Caltanissetta – L’histoire d’un reclus sur le soulèvement et l’incendie du CRA après l’ énième mort d’état

Caltanissetta – L’histoire d’un reclus sur le soulèvement et l’incendie du CRA après l’ énième mort d’état

16 janvier 2020 Non Par passamontagna

Source – Hurriya ( https://hurriya.noblogs.org/post/2020/01/14/caltanissetta-racconto-recluso-rivolta-

Le matin du 12 janvier M.A., une personne de 34 ans d’origine tunisienne, a été retrouvée morte sur son lit dans une cellule du CRA de Pian del Lago à Caltanissetta. Après l’intervention du médecin légiste, qui a certifié le décès et ordonné le transfert du corps à l’hôpital pour effectuer l’autopsie, la colère de ses codétenus s’est déchaînée : la cellule a été complètement brûlée et une manifestation a été organisée pour fermer l’établissement. Les gardiens ont forcé les détenus à dormir dehors dans le froid, ceux – ci ont refusé de manger. Le matin vers 7 heures, la police a emmené une ou deux personnes vers une destination inconnue. Comme l’a dit une personne dans le camp de concentration qui a été connectée hier matin avec Radio Blackout : « Il avait 34 ans, né le 1er février 1986. Hier matin vers 8 heures, ils l’ont averti qu’il était mort dans sa chambre, mais dans cette chambre il n’y avait pas de chauffage, il faisait très froid. Ils ont essayé de le déplacer sur son lit, il y avait du sang sur sa bouche, on ne connait pas la cause du décès, c’est notre colère. Et donc nous avons protesté ici, sa chambre a brûlé, complètement, puis nous avons protesté ici et là. Hier, nous avons dormi dehors, dans ce froid. Hier nous avons tous protesté, au déjeuner nous avons refusé de prendre la nourriture, par colère.

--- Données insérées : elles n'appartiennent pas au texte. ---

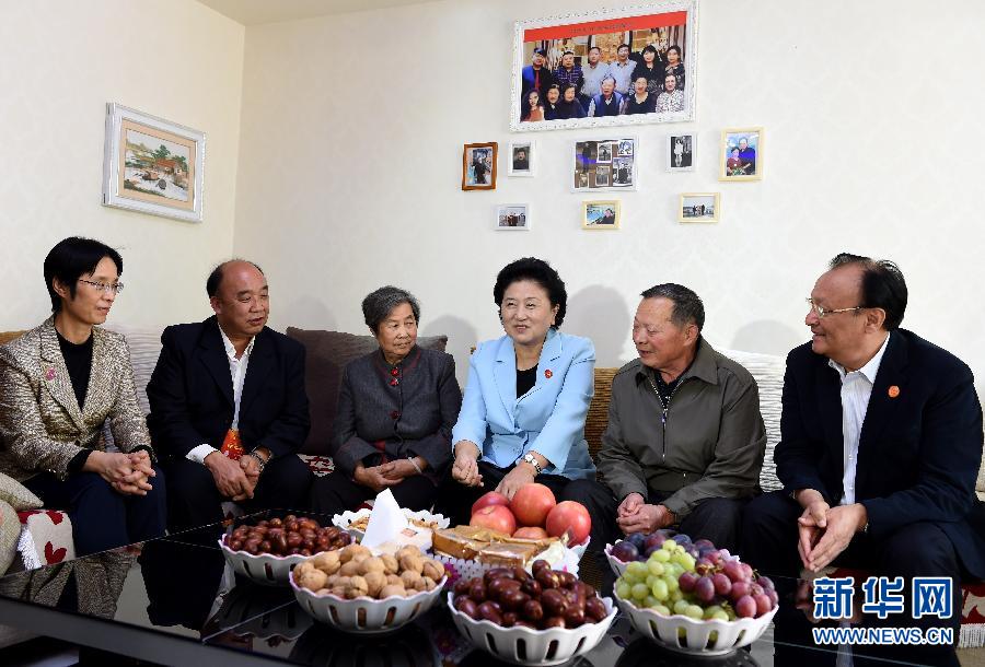 9月27日,中共中央政治局委员、国务院副总理、中央代表团副团长刘延东率中央代表团分团,带着党中央、国务院的亲切关怀和全国各族人民的深切情谊,来到和田地区、阿克苏地区慰问各族干部群众,并祝贺大家中秋节快乐。这是刘延东来到新疆生产建设兵团第一师五团团场退休职工包春祥家中慰问。新华社记者 张领 摄

Ce matin, nous nous sommes réveillés fatigués, certains ont dormi dehors, d’autres dans un trou dans une pièce où il n’y a ni porte ni fenêtre, avec cette souffrance. À sept heures, la police est entrée dans l’endroit où nous dormions, et ils ont emmené une ou deux personnes dehors, je ne sais pas où ils les ont emmenées, que ce soit en prison ou pour les expulser. Nous vous demandons de fermer ici, parce que les conditions sont très mauvaises, vous ne pouvez pas mettre des gens normaux dans ces conditions, en dormant comme ça, avec une nourriture qui est dégoûtante. L’infirmerie ici craint, si vous avez un mal de tête ils donnent le même médicament, si vous avez un rhume ils donnent le même médicament. Certains disent qu’ils mettent quelque chose dans la nourriture, nous ne savons rien à ce sujet, mais certains ont soupçonné que, lorsque nous mangeons cette nourriture, certains vont toujours aux toilettes, certains se sentent fatigués et somnolents ». Les autorités se sont immédiatement empressées de minimiser ce qui s’est passé, déclarant qu’il s’agissait d’une  » mort de causes naturelles « , sans avoir aucune preuve, et que  » les flammes, apprivoisées par les pompiers, n’ont causé aucun dommage « , alors qu’au contraire les gens étaient obligés de dormir dehors à cause de la fumée et de l’inaptitude des cellules. Les morts, ou plus précisément les meurtres commis par l’État dans les camps modernes, doivent rester cachés, et seules les voix et les protestations des détenus ont réussi à faire connaître ce qui s’est réellement passé. Cela s’est déjà produit récemment avec la mort de Sahid dans le CRA de Turin en juillet 2019, de Harry en juin de l’année dernière à Brindisi et de Natalia dans la section féminine du CRA de Ponte Galeria en novembre 2018.

Que de ce camps de concentration ne reste que des décombres!